Plant biotechnology has made significant advancements during the past decade, and offers the opportunities to make step-change increases in crop yield by avoiding losses due to disease, pests, and adverse abiotic conditions such as drought, salinity, heat, etc, in addition to major advances in novel desirable quality characteristics which are unlikely to be achieved by conventional breeding methods. Remarkably, in 2010, the accumulated global area of GM crops planted during the 15 years from 1996 to 2010 exceeded, for the first time, 1 billion hectares. Engineered traits such as herbicide tolerance and insect resistance have resulted in a significant reduction in herbicide and insecticide use (James, 2010).

China started the research and development (R&D) initiative on GM crops early in 1999, but, initially, only a few crops and target traits were involved. In 2008, the Chinese government invested significant financial support to accelerate this R&D project on GM crops including cotton, maize, rice, wheat, and soybean etc. with the aim of improving a range of target traits. In addition to providing an opportunity for crop improvement through genetic engineering, this project also allowed the development of a biosafe, precise, and effective genetic transformation system suitable for commercialization. Under the support of these projects, Chinese varieties of GM cotton for insect resistance have been developed, commercialized and are now planted in most cotton-growing area in China, resulting in a significant reduction in insecticide use. At the same time, after a long development and regulatory process, GM rice and maize for insect resistance and improved phytase activity were also authorized to be commercially grown (http://www.moa.gov.cn/ztzl/zjyqwgz/zswd/201107/U020110705523604929127.doc) although significant commercial planting of these varieties has not been reported so far.

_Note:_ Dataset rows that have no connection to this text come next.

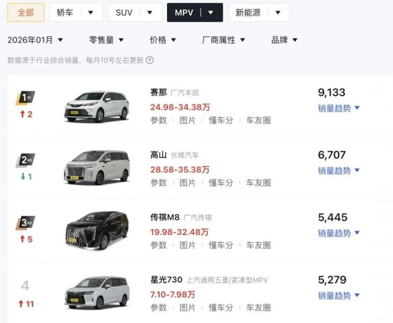 2026 年 1 月,MPV 销量榜第一还是丰田赛那 9133 辆;新能源/混动阵营里最能打的魏牌高山 6707 辆;而曾经的“新能源 MPV 销冠”腾势 D9 也只剩 2552 辆。
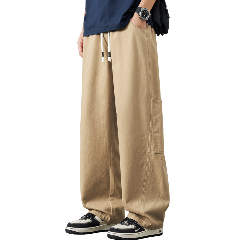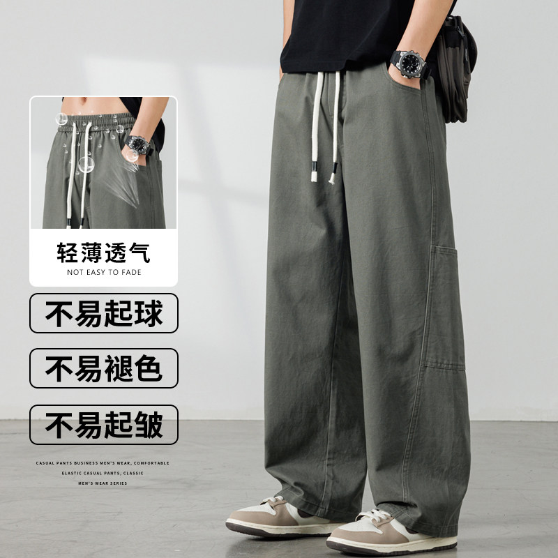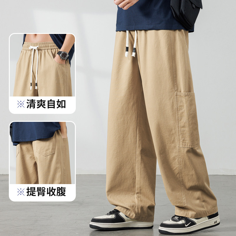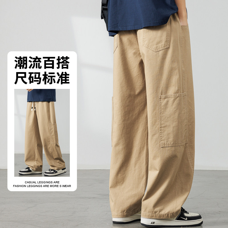 罗蒙工装纯棉阔腿裤男春夏季宽松直筒休闲裤2026新款潮流裤子男款
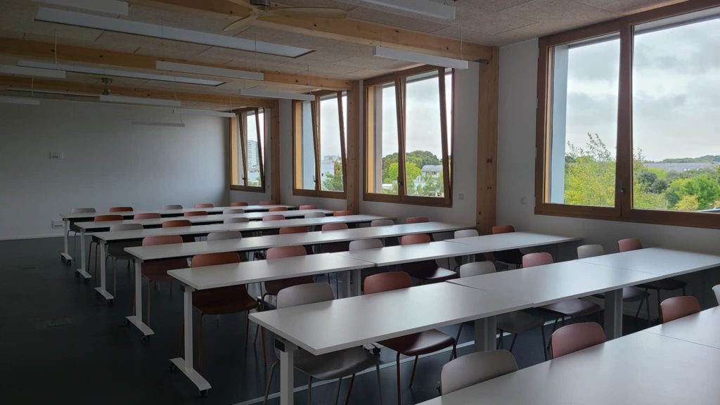 Au programme : des salles de cours aux tables modulables pour former des groupes de travail, un immense amphithéâtre au rez-de-chaussée, des petites salles pour s’isoler mais aussi des espaces de détente, jusqu’à un toit-terrasse avec vue dégagée sur le quartier des Deux-Lions, les Rives du Cher ou les Fontaines.
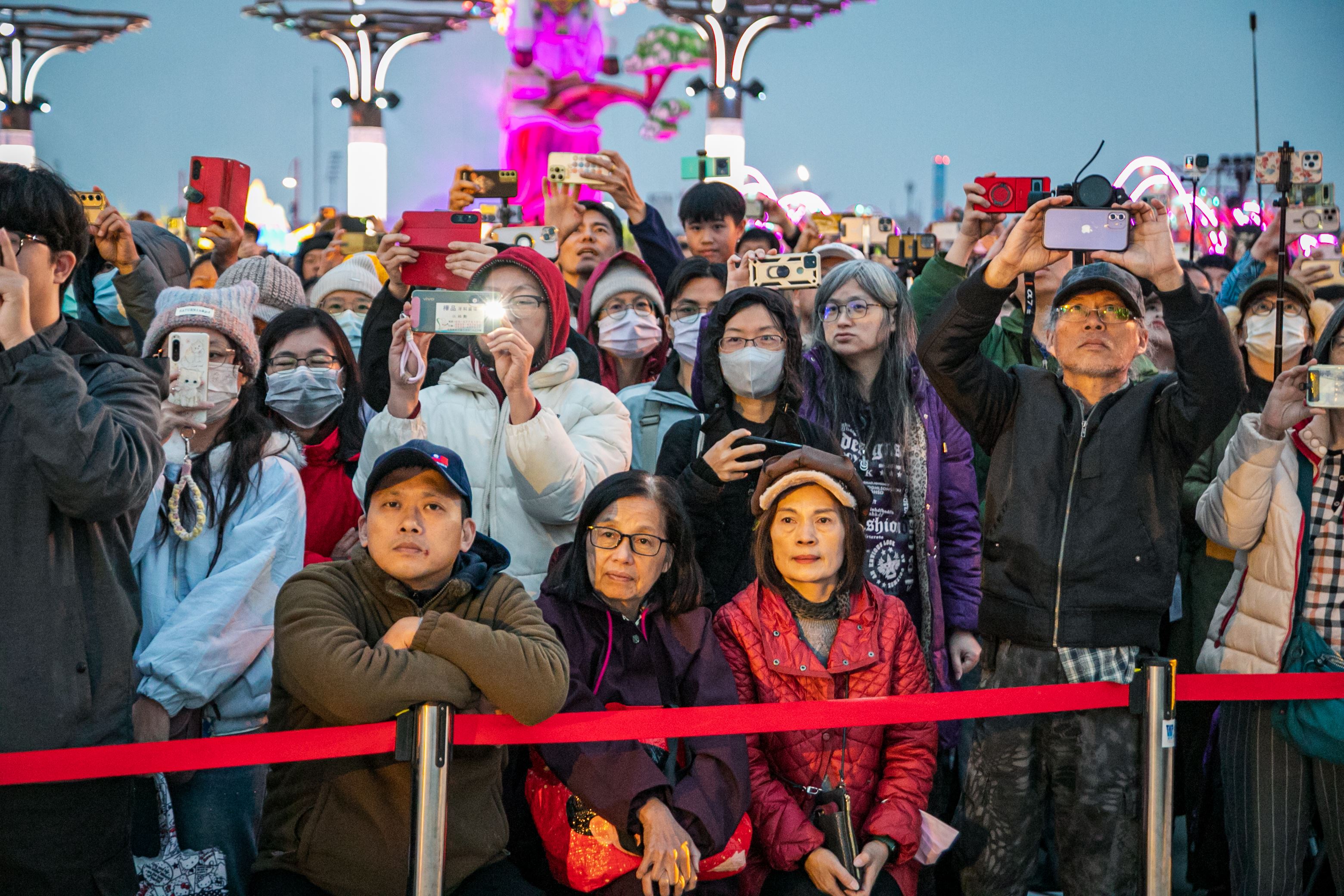 不少民眾特地提早到場卡位。謝小姐下午3點便抵達主舞台前排,完整欣賞整場表演,她表示看到橘色惡魔如此投入演出,自己也被現場氛圍感染,第一次看現場覺得非常精彩;林先生則說,特地下午請假前來燈會賞燈並觀看演出,下午5點左右舞台前已站滿人潮,可見橘色惡魔的人氣。

Despite its global importance, wheat was the last major cereal to be genetically transformed due to its recalcitrance in tissue culture and genotype-dependence on foreign DNA-transfer by Agrobacterium (Jones, 2005; Bhalla, 2006). The commercialization of transgenic wheat has been problematic because of concerns from farmers, trade organizations, and even governments about market acceptance (Fox, 2009). However, since 2009, agribusiness has reconsidered the opportunities for transgenic wheat, anticipating the commercialization of GM wheat within a decade. For example, Monsanto indicated their renewed interest in the GM wheat business by acquiring the seed businesses WestBred in the USA in 2009 and a 20% stake in InterGrain Australia in 2010. Also in 2010, Syngenta announced a strategic alliance with CIMMYT (Centro Internacional de Mejoramiento de Maíz y Trigo) based in Mexico and, in the same year, Bayer CropScience of Germany formed an alliance with the Commonwealth Scientific and Industrial Research Organization (CSIRO) in Australia, promising to bring solutions to wheat growers as early as 2015 in improvement of drought, yield, and phosphorus absorption.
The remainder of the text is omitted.